Qui n’a jamais été tenté de se glisser dans la peau d’un écrivain, ne serait-ce qu’une fois ? A l’Efrei, dans le cadre du module « Culture et communication » des L3, les étudiants ont l’opportunité de développer leur ouverture d’esprit et de laisser libre cours à leur imagination d’auteur tout en apprenant diverses techniques d’écriture. Une référence au concours de la meilleure nouvelle « Et si j’étais un écrivain ? » qui a débuté le 11 mars dernier. Pour cette 3e édition, pas de contrainte supplémentaire : 

  • Les étudiants devaient respecter le thème du semestre « L’histoire dans tous ses états » ; 
  • Le thème de la nouvelle devait correspondre à « La morale de l’histoire » ;
  • Enfin, le récit devait se dérouler dans le pays où les élèves ont effectué leur mobilité en début d’année : Stafford (Angleterre), San José (Etats-Unis), Kuala Lumpur (Malaisie).

 

Pour encadrer ce projet littéraire qui nécessite un important travail personnel, le module lui consacre, chaque année, trois séances de deux heures. 

 

Un écrivain fait l’unanimité

Parmi les 137 nouvelles rendues début mai aux enseignants, 21 ont été présélectionnées. Le 10 juin dernier, le jury s’est réuni pour délibérer. Et même si le choix n’a pas été évident, une plume s’est démarquée. « La nouvelle qui, à l’unanimité, a enthousiasmé le jury à bien des égards s’intitule « Le jour de la galette », écrite par Julien Lamandé [promo 2016] », explique Jean Soma, Chef du  département Culture et Communication et Président du jury. Cela se justifie notamment par « l’originalité du thème, la fraîcheur grinçante du ton, l’humour, l’ironie et la profondeur de cette nouvelle » précise-t-il. « De plus, les différents niveaux de lecture traduisent un réel souci littéraire, voire philosophique, souci porté par une intrigue menée avec un certain brio. » 

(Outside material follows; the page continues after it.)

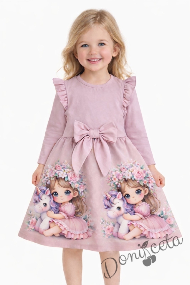 Детска рокля с дълъг ръкав в пепел от рози с къдрички, панделка и картинка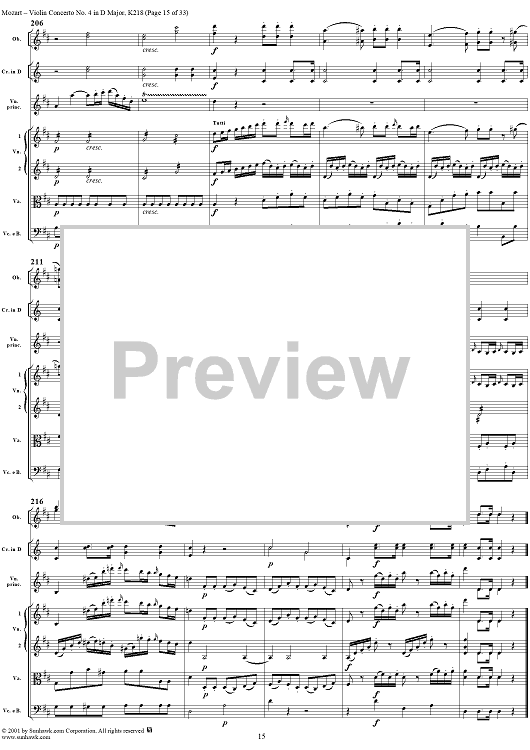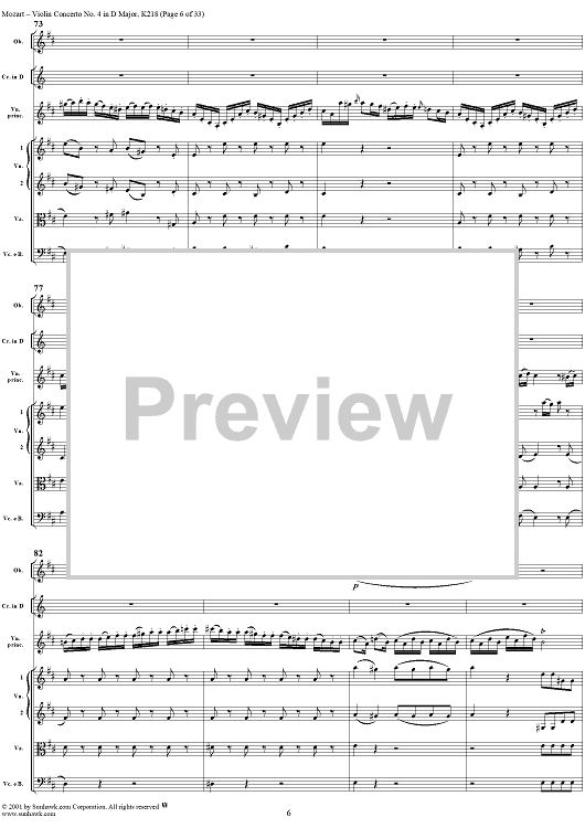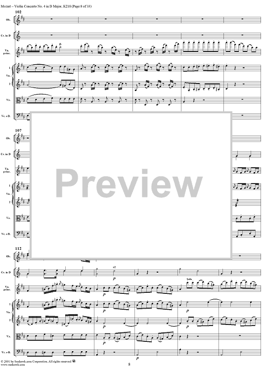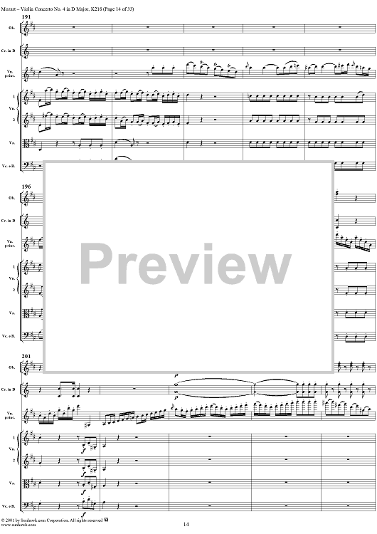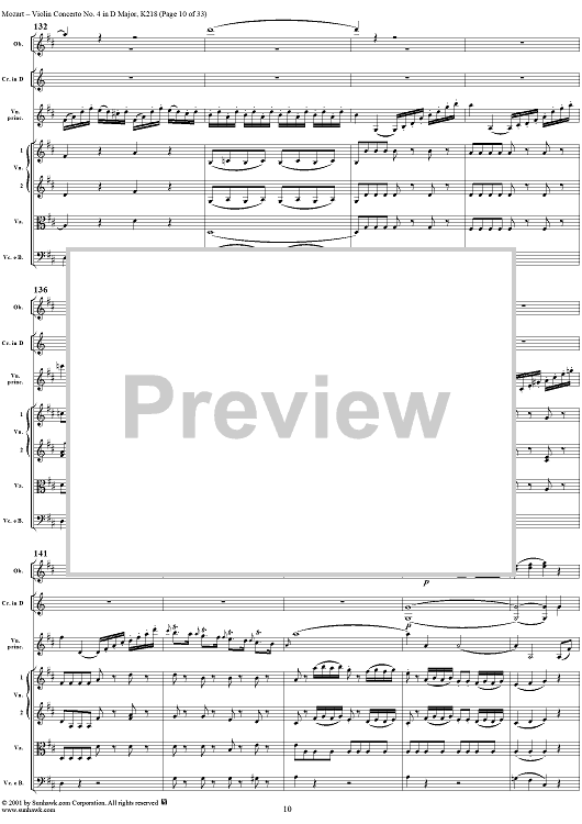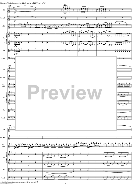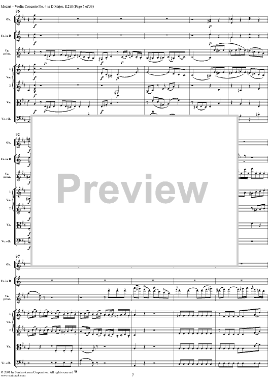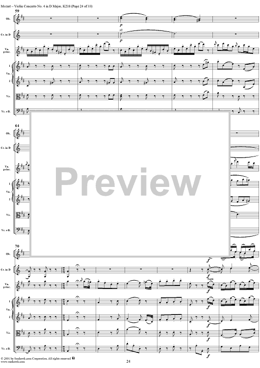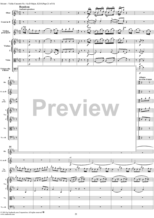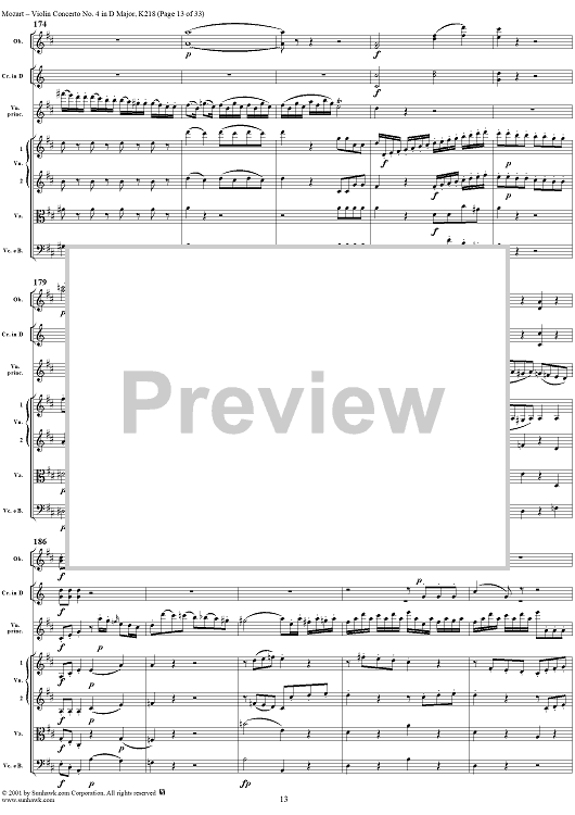Digital Sheet Music for Violin Concerto No. 4 - Full Score by Wolfgang Amadeus Mozart scored for Violin/Orchestra; id:242026

Une deuxième nouvelle a étonné le jury : « Six secondes de réflexion » de Sylvie Boudailliez [promo 2016]. Pour celle-ci, il est question d’une histoire d’amour naissante. Le jury, dérouté, a été séduit par « l’intrigue et la structure du récit ». 

Enfin, le coup de cœur du jury a été décerné à Maxime Gontier [promo 2016] pour « Comme une lettre à la poste ». « Cette nouvelle s’appuie sur un épisode de l’Histoire industrielle de la France, non sans humour, pour l’inscrire dans une aventure où un détail peut finalement tout changer… Il y a du vécu, des trouvailles, de l’énergie, de la finesse aussi », conclut Jean Soma.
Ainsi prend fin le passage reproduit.